- **What you are asked to do**
Please write out the listing exactly, leaving each picture out.
---*---
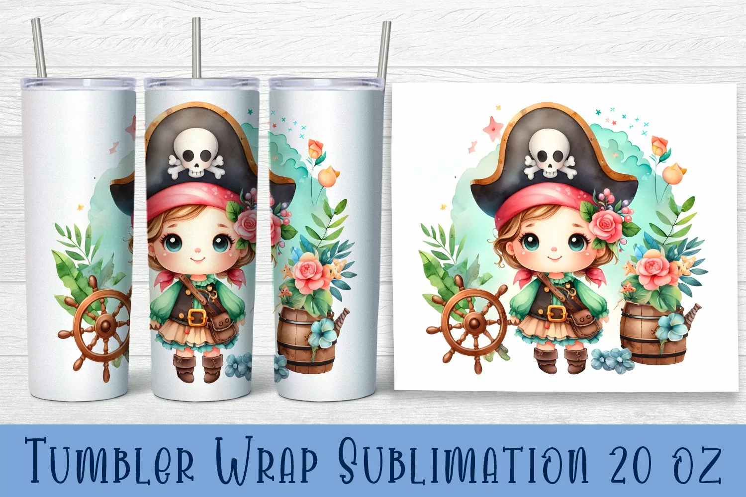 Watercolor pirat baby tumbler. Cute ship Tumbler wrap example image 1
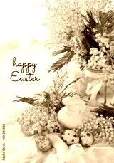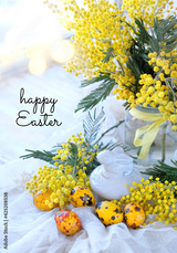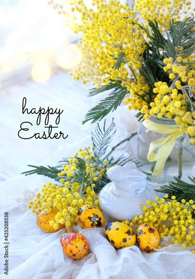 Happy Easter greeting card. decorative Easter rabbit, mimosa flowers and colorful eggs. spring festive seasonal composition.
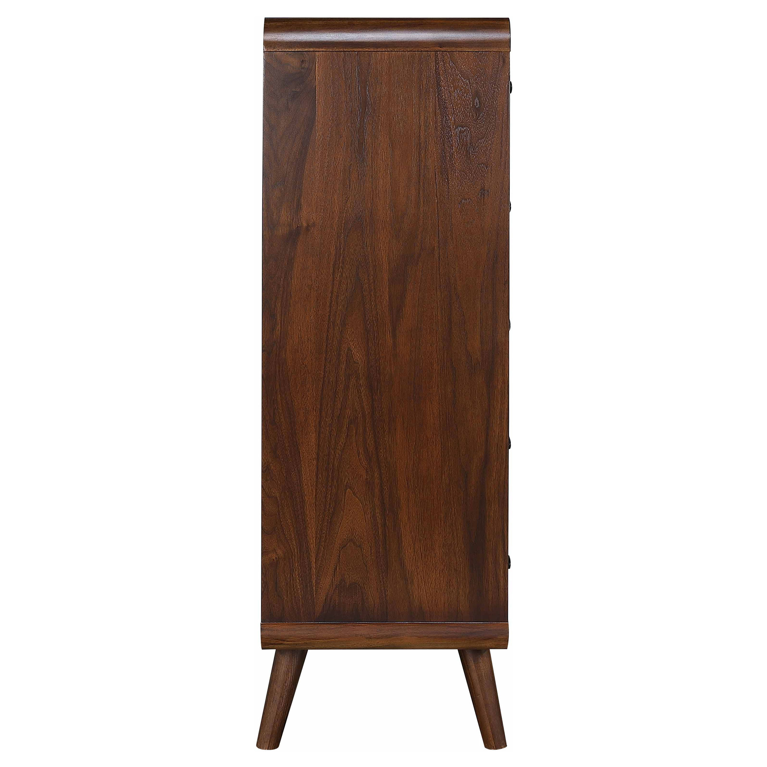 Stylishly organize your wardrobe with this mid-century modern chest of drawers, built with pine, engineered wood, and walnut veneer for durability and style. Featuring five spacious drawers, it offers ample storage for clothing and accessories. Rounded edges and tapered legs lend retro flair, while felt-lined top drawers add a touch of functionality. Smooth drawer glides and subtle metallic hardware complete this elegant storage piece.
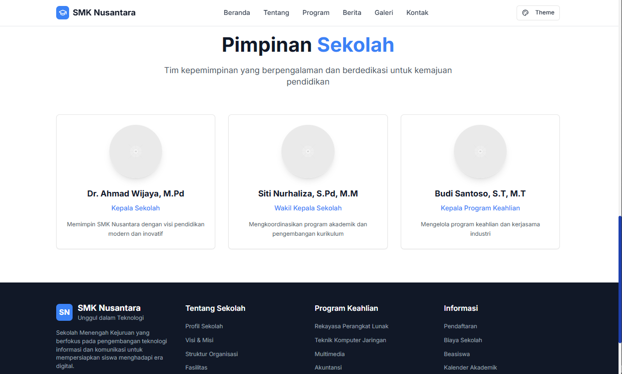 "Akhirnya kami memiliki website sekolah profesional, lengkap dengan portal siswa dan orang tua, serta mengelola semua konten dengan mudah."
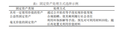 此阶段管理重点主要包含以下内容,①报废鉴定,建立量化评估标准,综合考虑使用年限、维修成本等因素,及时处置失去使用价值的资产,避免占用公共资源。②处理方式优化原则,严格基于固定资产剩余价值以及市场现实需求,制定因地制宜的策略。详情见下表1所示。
---*---
- **Written response**
 Watercolor pirat baby tumbler. Cute ship Tumbler wrap example image 1
 Happy Easter greeting card. decorative Easter rabbit, mimosa flowers and colorful eggs. spring festive seasonal composition.
 Stylishly organize your wardrobe with this mid-century modern chest of drawers, built with pine, engineered wood, and walnut veneer for durability and style. Featuring five spacious drawers, it offers ample storage for clothing and accessories. Rounded edges and tapered legs lend retro flair, while felt-lined top drawers add a touch of functionality. Smooth drawer glides and subtle metallic hardware complete this elegant storage piece.
 "Akhirnya kami memiliki website sekolah profesional, lengkap dengan portal siswa dan orang tua, serta mengelola semua konten dengan mudah."
 此阶段管理重点主要包含以下内容,①报废鉴定,建立量化评估标准,综合考虑使用年限、维修成本等因素,及时处置失去使用价值的资产,避免占用公共资源。②处理方式优化原则,严格基于固定资产剩余价值以及市场现实需求,制定因地制宜的策略。详情见下表1所示。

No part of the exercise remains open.